Две слезинки скатились в чашку. Кузина побранила Розу:

— Если ты будешь плакать, я позову Ашиля… Неужели ты недовольна? Разве ты не сидишь тут, как королева?

Но когда г-жа Кампардон покончила с завтраком и осталась наедине с Октавом, она уже утешилась. Из чистого кокетства она снова заговорила о смерти, но на этот раз с веселыми нотками в голосе, естественными для женщины, которая проводит утро, нежась в теплой постели.

Бог мой, ей все-таки придется умереть, когда наступит ее черед, но они правы, ее нельзя назвать несчастной, она может позволить себе жить на свете, ведь они, в сущности, избавляют ее от всех житейских забот. И Роза вновь погрузилась в свой эгоизм бесполого кумира.

Когда молодой человек встал, она добавила:

— Заходите почаще, хорошо? Желаю вам приятно провести время, не расстраивайтесь слишком на похоронах. Почти каждый день кто-нибудь умирает, надо к этому привыкать.

На той же площадке, у г-жи Жюзер, дверь Октаву открыла молоденькая служанка Луиза. Она ввела его в гостиную, некоторое время смотрела на него, глупо хихикая, и затем объявила, что ее хозяйка кончает одеваться. Впрочем, г-жа Жюзер тут же вышла к нему, одетая в черное; траур придавал ее облику еще больше кротости и изящества.

— Я была уверена, что вы придете сегодня утром, — сказала она, тяжко вздыхая. — Всю ночь я бредила, во сне видела вас… Вы сами понимаете, разве можно уснуть, когда в доме покойник!

И она призналась, что три раза заглядывала ночью под кровать.

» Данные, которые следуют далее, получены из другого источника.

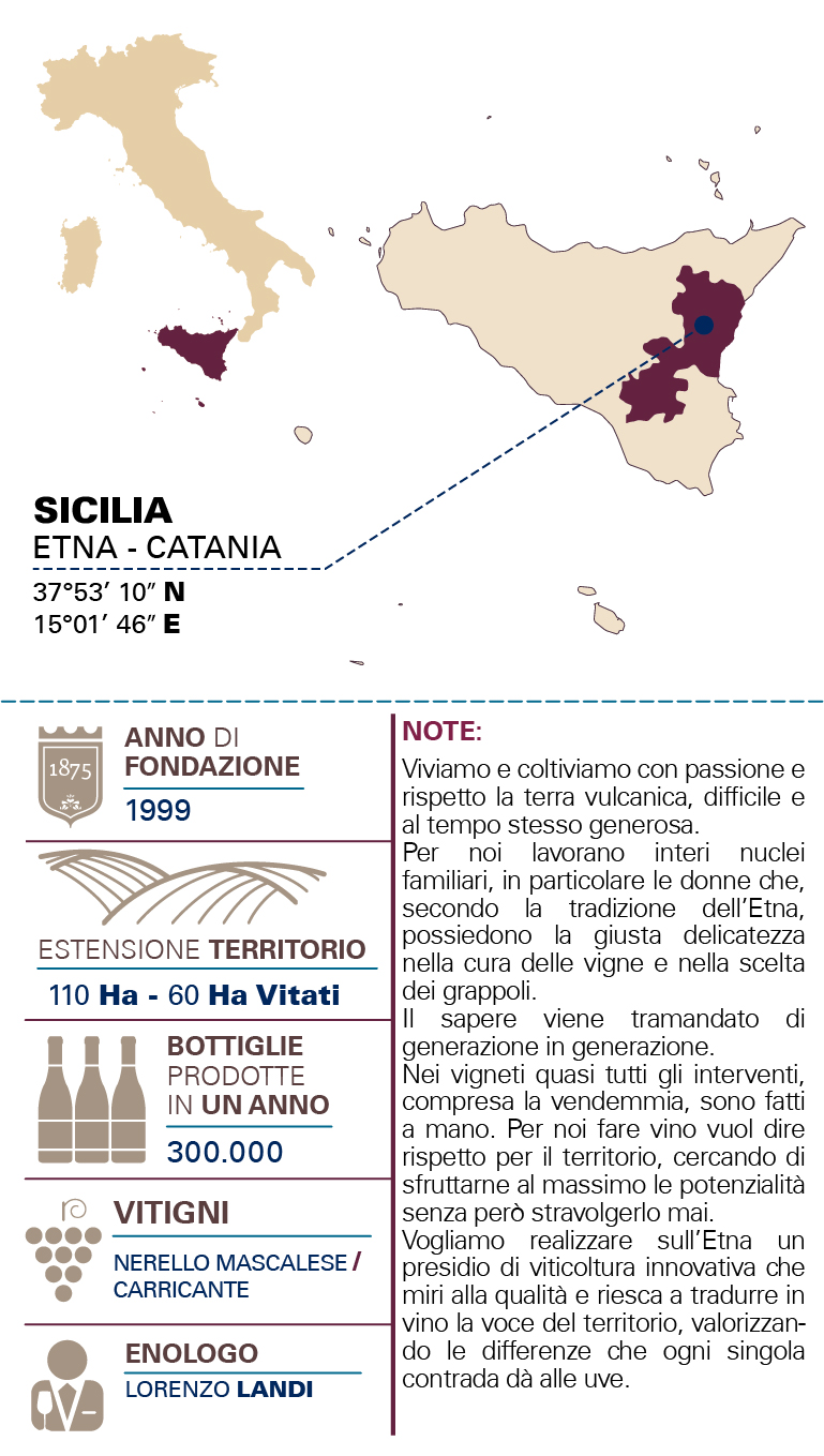 • SAPOREUn vino ricco, profondo, di grande sapidità che raccoglie dentro di sé le caratteristiche tipiche del suolo vulcanico.

— Надо было позвать меня! — игриво сказал молодой человек. — Вдвоем в постели не страшно.

Она очаровательно смутилась.

— Замолчите, это нехорошо!

И г-жа Жюзер закрыла ему рот ладонью, которую ему, естественно, пришлось поцеловать. Тогда она раздвинула пальцы, смеясь, как от щекотки. Но Октав, возбужденный этой игрой, стремился добиться большего. Он схватил ее, прижал к груди, не встретив с ее стороны никакого сопротивления, и едва слышно шепнул ей на ухо:

— Ну почему же вы не хотите?

— О, во всяком случае не сегодня.

— Почему не сегодня?

— Но ведь внизу покойник… Нет, нет, это немыслимо, я не могу.

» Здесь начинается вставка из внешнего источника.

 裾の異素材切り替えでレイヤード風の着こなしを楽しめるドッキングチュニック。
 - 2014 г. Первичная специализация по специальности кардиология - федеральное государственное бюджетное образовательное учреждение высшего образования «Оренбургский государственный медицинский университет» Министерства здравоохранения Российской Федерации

Он все крепче сжимал ее в объятиях, и она не вырывалась. Их жаркое дыхание обжигало им лица.

— Так когда же? Завтра?

— Никогда.

— Но ведь вы свободны, ваш муж поступил настолько дурно, что вы ничем ему не обязаны… Или вы боитесь, как бы не было ребенка, а?

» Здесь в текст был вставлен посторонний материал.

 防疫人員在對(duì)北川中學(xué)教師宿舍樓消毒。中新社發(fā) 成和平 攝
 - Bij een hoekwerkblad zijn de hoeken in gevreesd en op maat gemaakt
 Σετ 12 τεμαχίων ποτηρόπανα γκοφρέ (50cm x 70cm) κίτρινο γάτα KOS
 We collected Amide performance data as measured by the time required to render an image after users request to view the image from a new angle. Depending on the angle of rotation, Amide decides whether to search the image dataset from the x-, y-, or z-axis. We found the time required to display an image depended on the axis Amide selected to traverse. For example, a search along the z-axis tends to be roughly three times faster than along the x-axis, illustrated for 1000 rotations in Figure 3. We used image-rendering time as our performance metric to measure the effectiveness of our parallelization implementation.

— Нет, врачи признали, что у меня не может быть детей.

— Ну, если нет никакой серьезной причины, это уж слишком глупо…

И он попытался насильно овладеть ею. Она увернулась гибким движением. Затем, уже сама обняв его снова и не давая ему возможности пошевельнуться, она прошептала нежным голоском:

— Все, что хотите, только не это. Слышите? Это — никогда! Никогда! Я предпочитаю умереть… О господи, я так решила! Я поклялась небу, словом, вам незачем знать… И вы так же грубы, как и другие мужчины, — если им кое в чем отказать, их уж ничто не удовлетворит. Впрочем, вы мне нравитесь. Все, что хотите, только не это, милый!

Она покорилась ему, позволила самые горячие, самые интимные ласки, нервно отталкивая его с неожиданной силой лишь тогда, когда он пытался нарушить единственный запрет. В ее упрямстве была какая-то иезуитская уклончивость, страх перед исповедью, уверенность в том, что ей отпустят мелкие грешки, тогда как большой грех доставит ей слишком много неприятностей у духовника. Тут играли роль еще и другие причины, в которых она не признавалась: представление о чести и самоуважении, связывавшееся в ее сознании лишь с одним обстоятельством; кокетливое стремление удерживать подле себя мужчин, никогда не удовлетворяя их; то особенное, утонченное наслаждение, которое она испытывала, разрешая всю себя осыпать поцелуями, но не доходя до остроты последних мгновений. Она находила, что так приятнее, она продолжала упорствовать; ни один мужчина не мог похвастать, что обладал ею, с тех самых пор, как ее подло бросил муж. Она оставалась порядочной женщиной!

— Да, сударь, ни один! О, я могу ходить с высоко поднятой головой! Сколько несчастных вели бы себя плохо в моем положении!

Она слегка отстранила его и встала с кушетки.

— Оставьте меня… Я так извелась из-за этого покойника… Мне кажется, что его присутствие ощущается во всем доме.

К тому же приближался час похорон. Г-жа Жюзер хотела уйти в церковь до того, как туда повезут тело, чтобы не видеть всей этой церемониальной возни с выносом. Но, провожая Октава, она вспомнила, что хотела угостить его ямайским ромом, и заставила молодого человека вернуться; потом сама принесла две рюмки и бутылку. То был очень сладкий густой ликер с цветочным ароматом. Когда г-жа Жюзер выпила, на ее лице появилось блаженное выражение, как у маленькой девочки, обожающей лакомства. Она могла бы питаться одним сахаром; сладости, пахнущие ванилью и розой, волновали ее, как прикосновение.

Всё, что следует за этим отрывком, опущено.